How to Measure These Four Metrics
How do you measure the four metrics that Accelerate proposes?
This isn’t very difficult. Each metric is well-defined, and you could build a dashboard, powered by a shared Google Sheets to track the performance of your entire software engineering organization.
For instance, you could:
- Write a script that intercepts deploys and calculates the average time it takes for a commit to hit production, based off the timestamps in the commits related to the new release.
- Manually record the number of deploys at the end of each week.

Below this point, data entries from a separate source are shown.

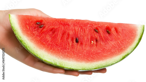 Bright red watermelon slice showcases juicy texture as it is held, perfect for a refreshing summer snack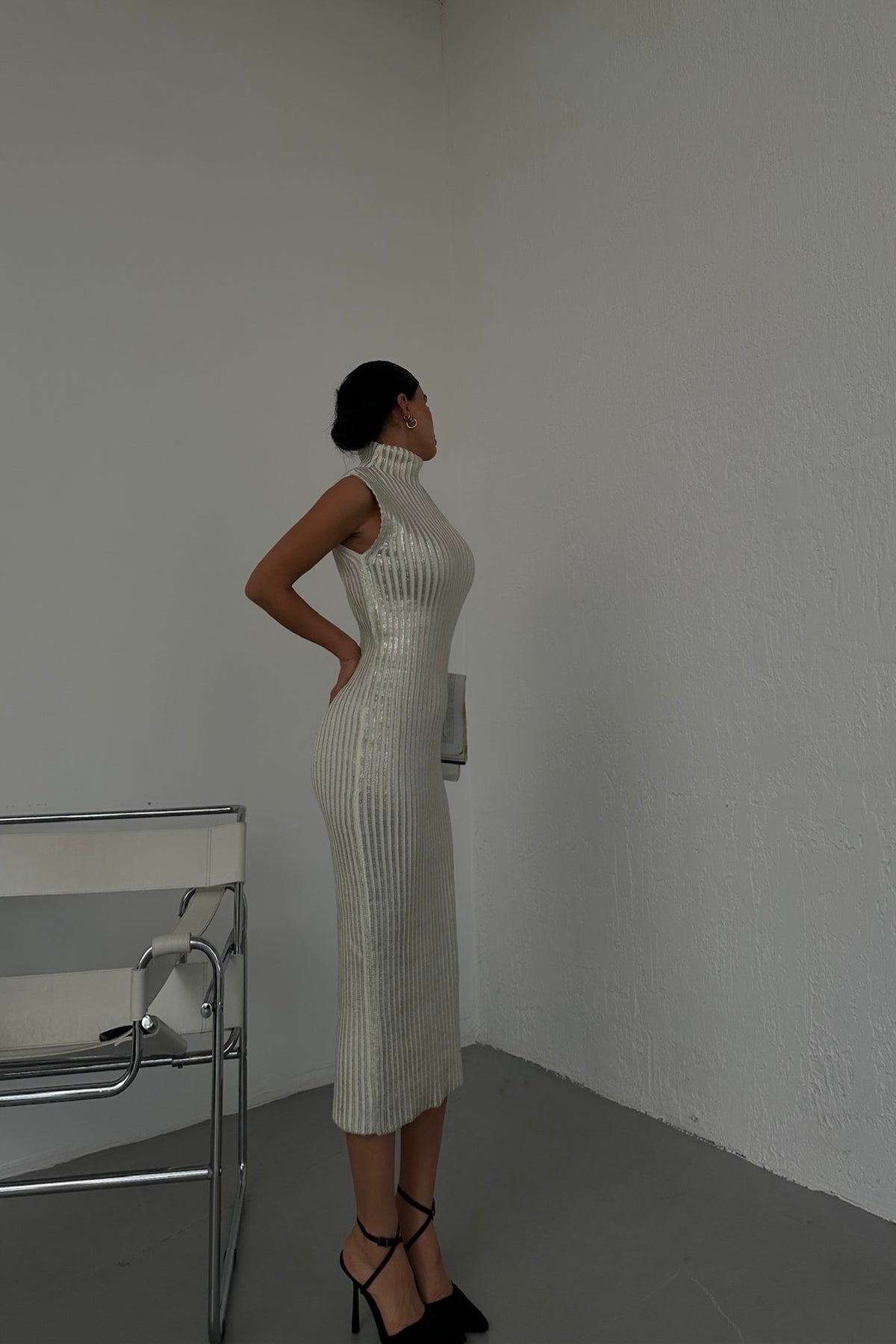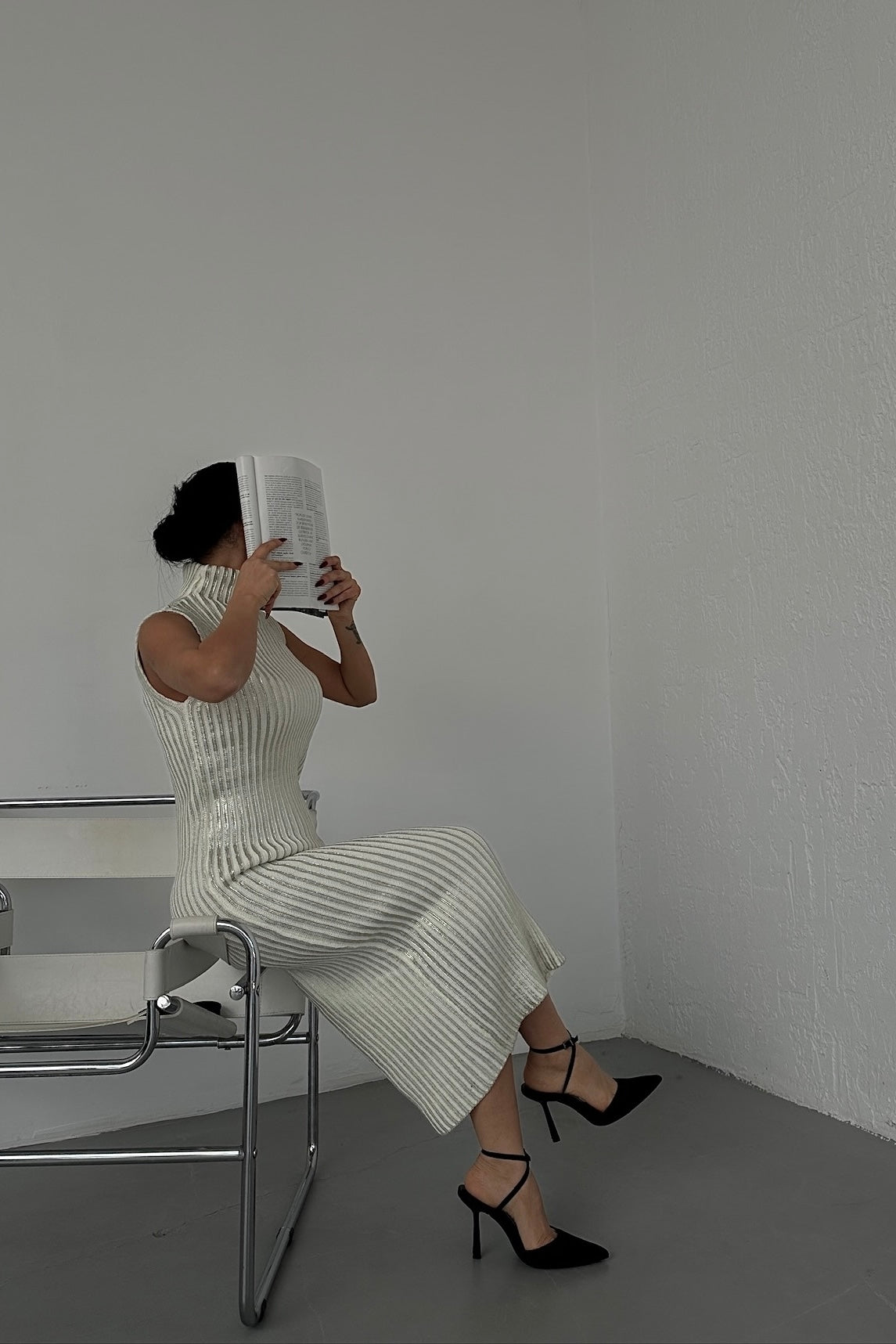 - Ribbed texture throughout, enhancing the vertical lines and elongating the silhouette.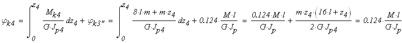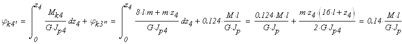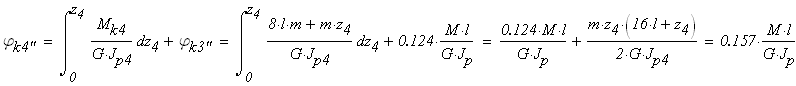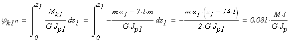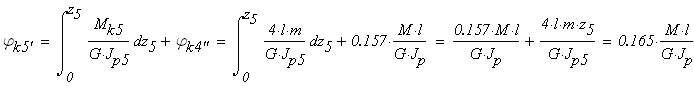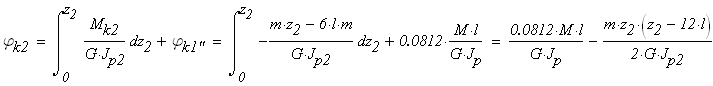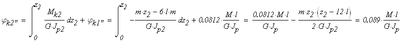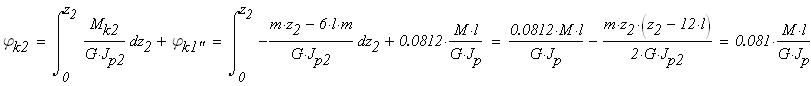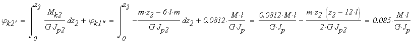 4. Построена эпюра углов закручивания φ2 в долях Ml/GJp, где Jp = nd4/ 32 - полярный момент инерции сечения диаметром d вала.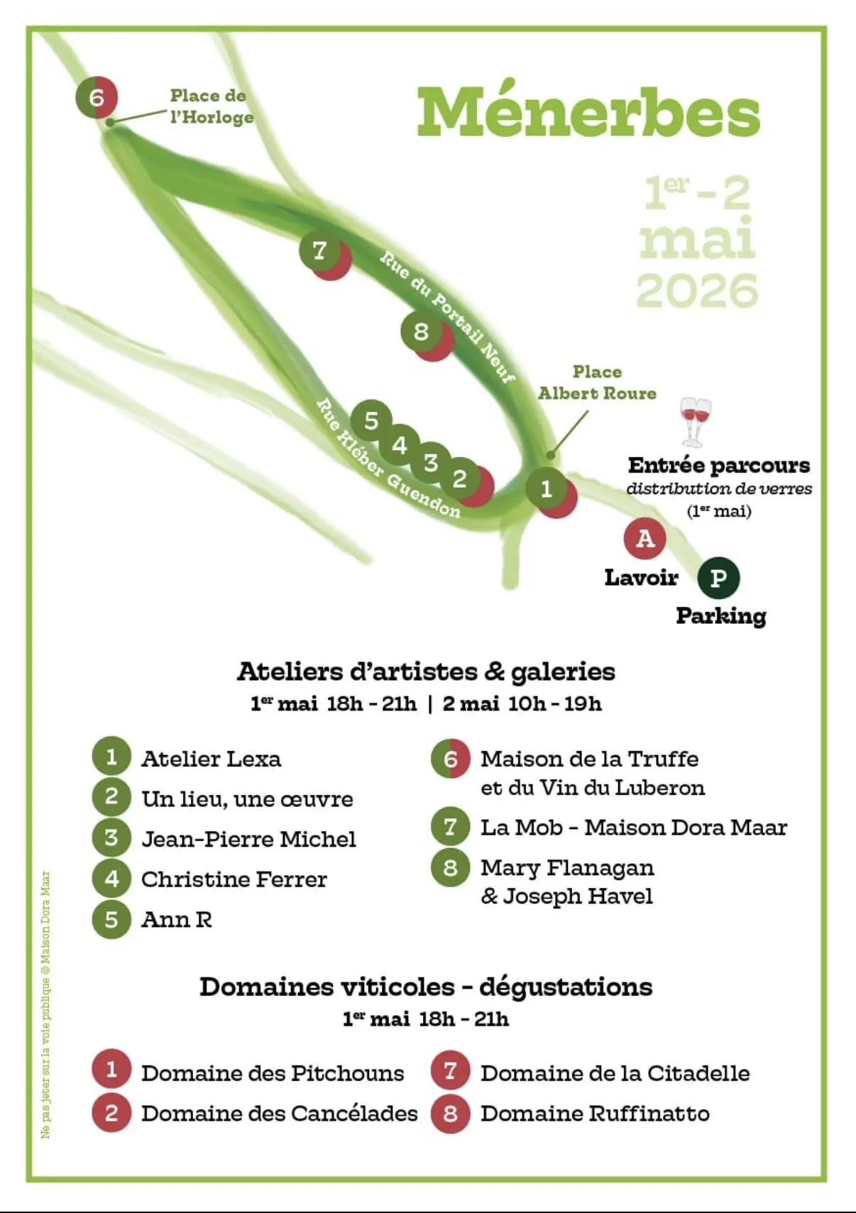 Une découverte des lieux et des oeuvres des artistes de Ménerbes. Des dégustations de vins dans les différents lieux et la possibilité d'acheter les vins au prix des domaines et déguster planches et mets gourmands à la Maison de la Truffe et du Vins du Luberon. Prêt de verres à vin (3euros la consigne) à l'entrée du parcours, place Rossignol.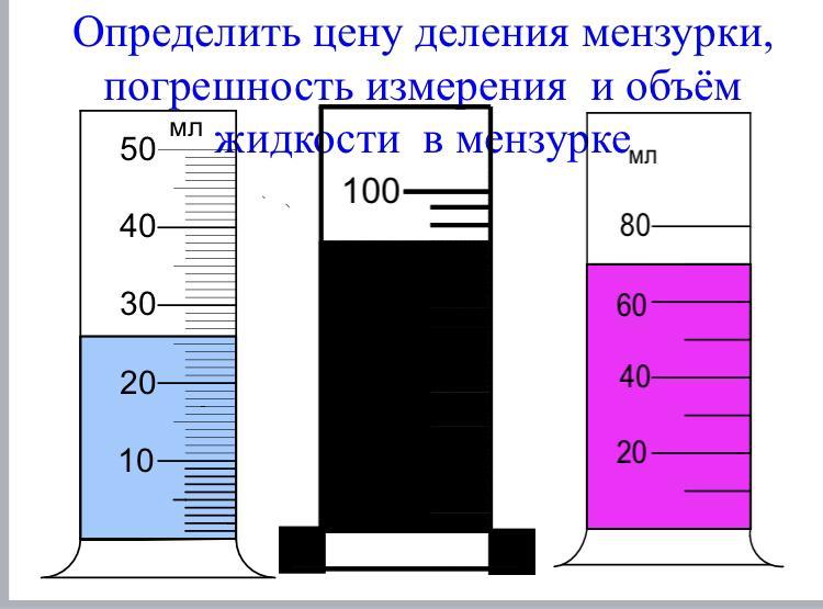 определить цену деления мензурки, погрешность измерения и объем жидкости в мензурке.
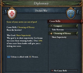 Aragonと隣接しているのは属国のSpoletoなので聖戦は使えないのだが,Sicilyの種地さえ取れたらそれで良い.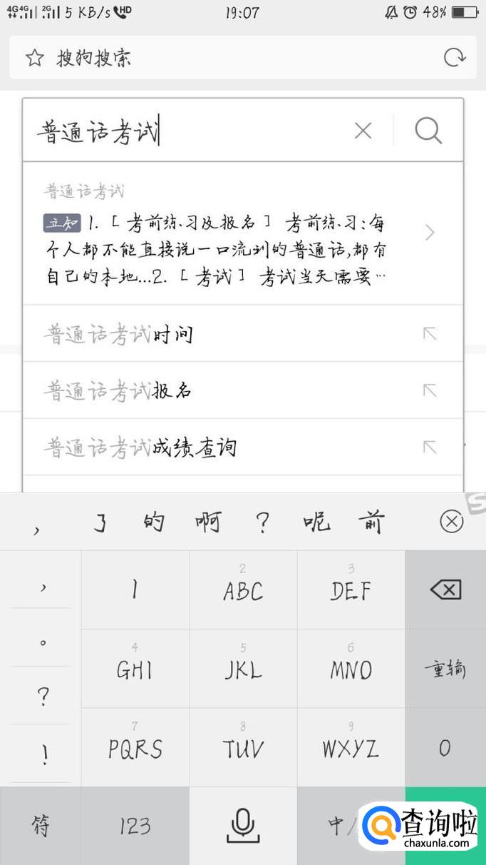 首先,随便打开一个浏览器,在搜索框中输入”普通话考试“然后就会弹出很多相应的内容,如:”普通话考试报名“、”普通话考试成绩查询“等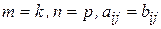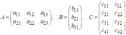, если число столбцов матрицы А равно числу строк матрицы В, т.е. если n = k. Следует заметить, что если матрица А согласована с матрицей В, то это не означает, что матрица В согласована с матрицей А. Взаимное согласование существует только для квадратных матриц одинаковых размеров.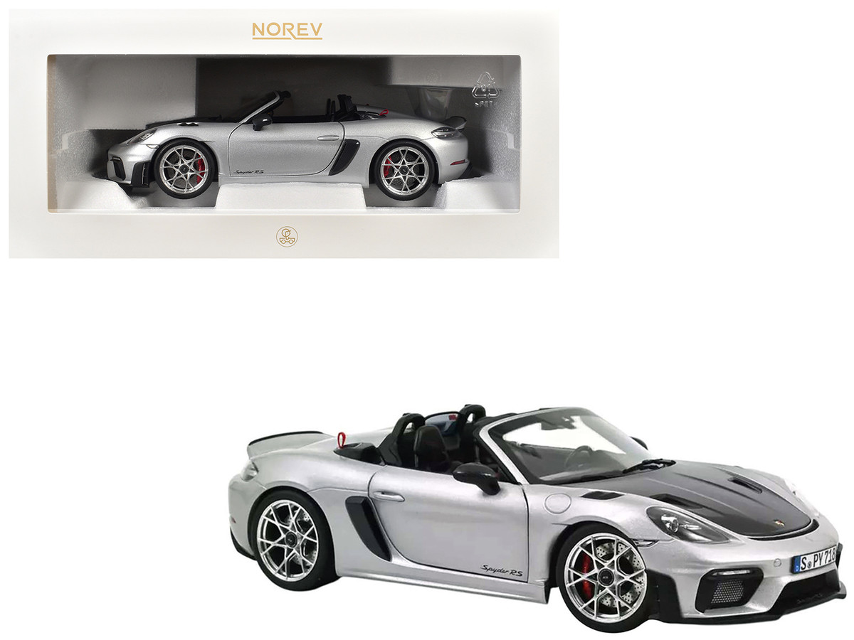 2023 Porsche 718 Spyder RS Weissach Pack GT Silver Metallic with Carbon Hood 1/18 Diecast Model Car by Norev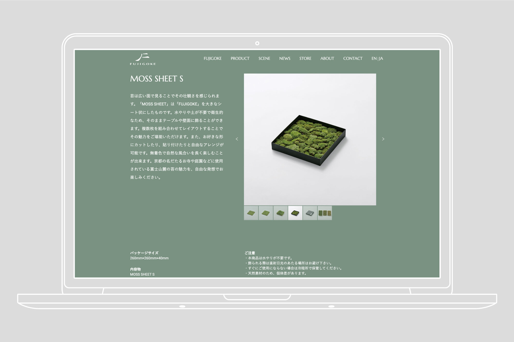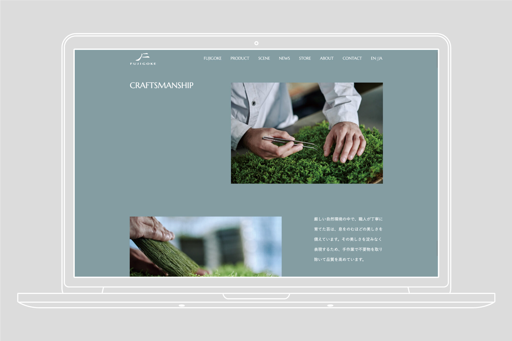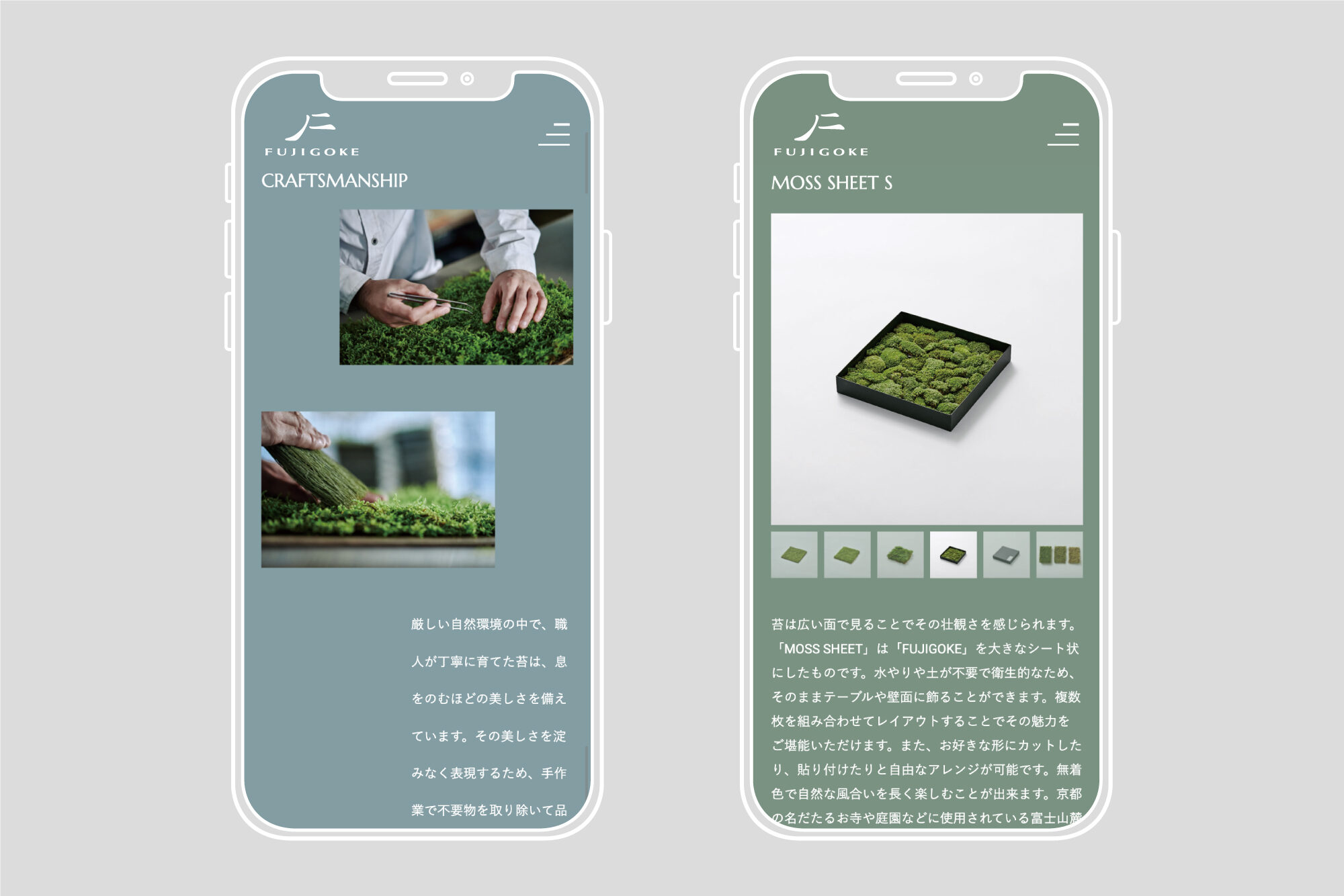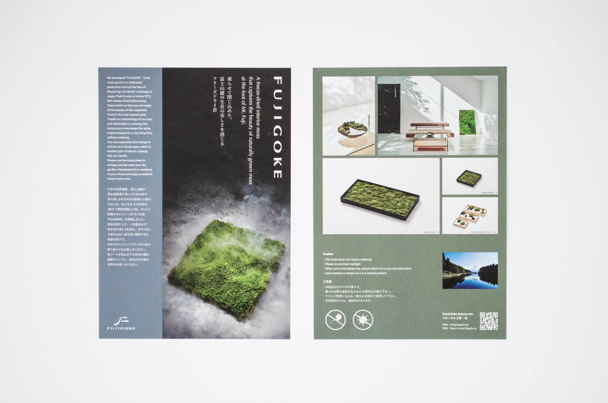FUJIGOKEは、富士山麓の生苔を使用したフリーズドライ苔です。苔を通して、日本文化やその精神性を体現するデザインを目指しました。ブランドムービー・スチール写真のディレクション、ロゴ・リーフレット・パッケージのグラフィックデザイン、ウェブデザインを担当しました。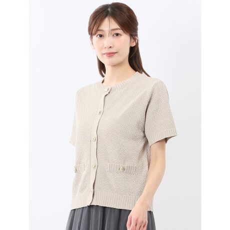ジャケットのような上品さを漂わせる、半袖のニットカーディガンです。すっきりとしたクルーネック、上品なゴールド調のボタン、飾りポケットがポイント。羽織りとしてもプルオーバーとしても着回せるデザインです。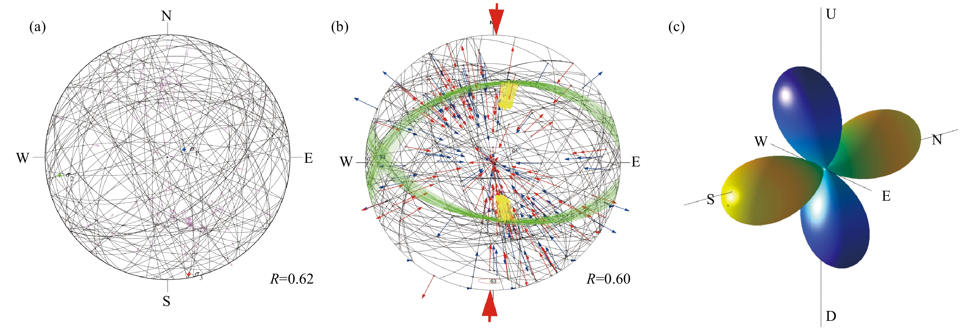 本文为研究2024年新疆乌什MS7.1地震的发震构造及应力场特征,收集了主震发生后1月23日至2月1日M≥3.5地震事件的P波初动极性符号,采用初至波极性约束的震源机制反演方法,得到68组震源破裂参数,基于应变花分类体系,建立震源机制类型与区域应力场的映射关系,发现尽管震源机制类型多样,但逆冲类事件占比超过半数,表明此次地震序列是以逆冲破裂为主。随后,系统整合本次地震与历史震源机制解,并通过网格搜索法和遗传算法进行应力张量反演,结果显示研究区呈近SN向挤压、NEE向近垂直拉张。进一步模拟应力体系与震源机制之间的关系表明此次地震沿最优节面破裂,并为后续发震机制与地球动力学研究提供了参考。
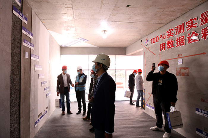 观摩团先后参观了现场安全体验区、现场质量样板区、楼体实体质量等,对项目质量安全管理、实测实量检查、信息化应用、样板先行制度、BIM技术应用等给予了高度评价。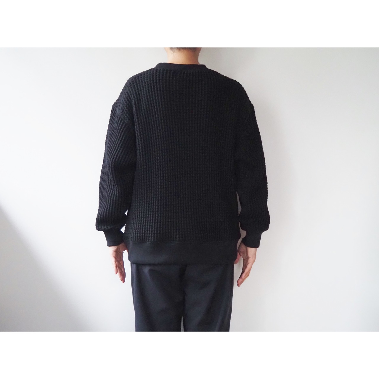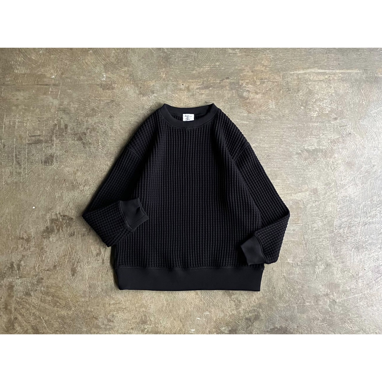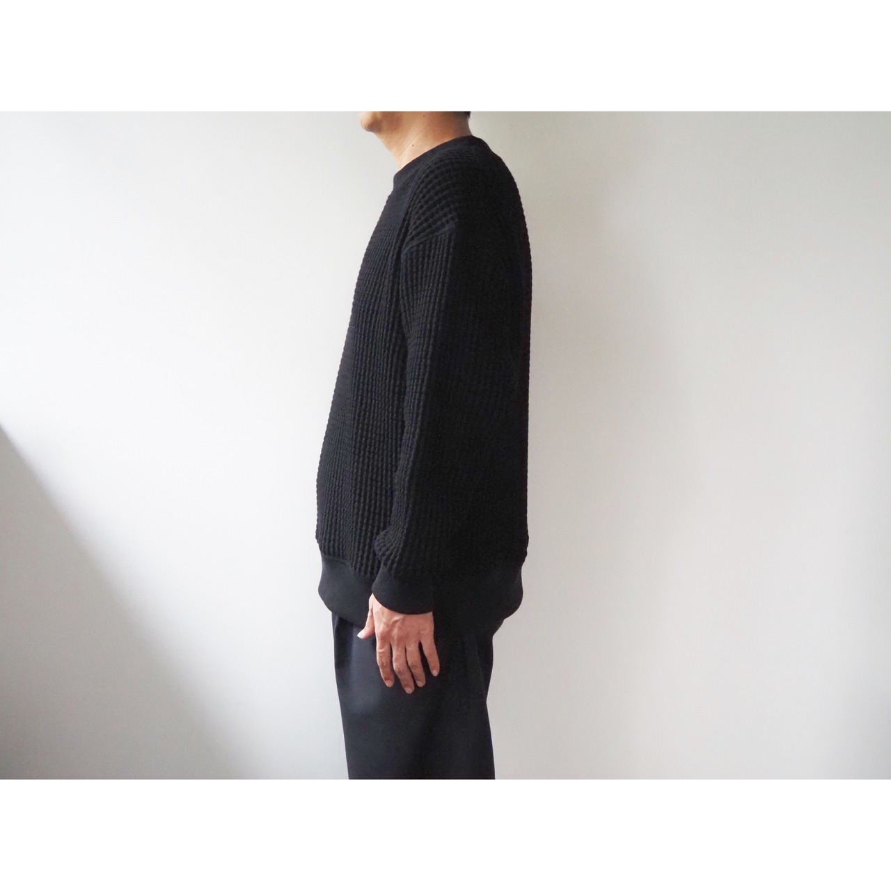 希少な5ゲージのジャカード編み機を使い甘く撚った綿糸を引き揃えて、ワッフル編みしたビッグビッグワッフルクルーネックシャツ。

- Write a script that periodically polls and then calculates mean time to restore from your status page (assuming you have one).
- Manually enter the % of deploys that cause errors (downtime, rollbacks, degraded performance) at the end of each week.
If this Google Sheets spreadsheet is connected to a Business Intelligence tool like Holistics, you could easily generate a dashboard for the rest of your organization.
Otherwise, exporting to CSV and running it in visualisation tools like Tableau are also a workable option.
Accelerate is a great book, and it should give all of us in software organizations some hope. We now know that it is possible to deliver software both rapidly and safely — and we know the four measures necessary to get at that goal. Read the book, it’s good.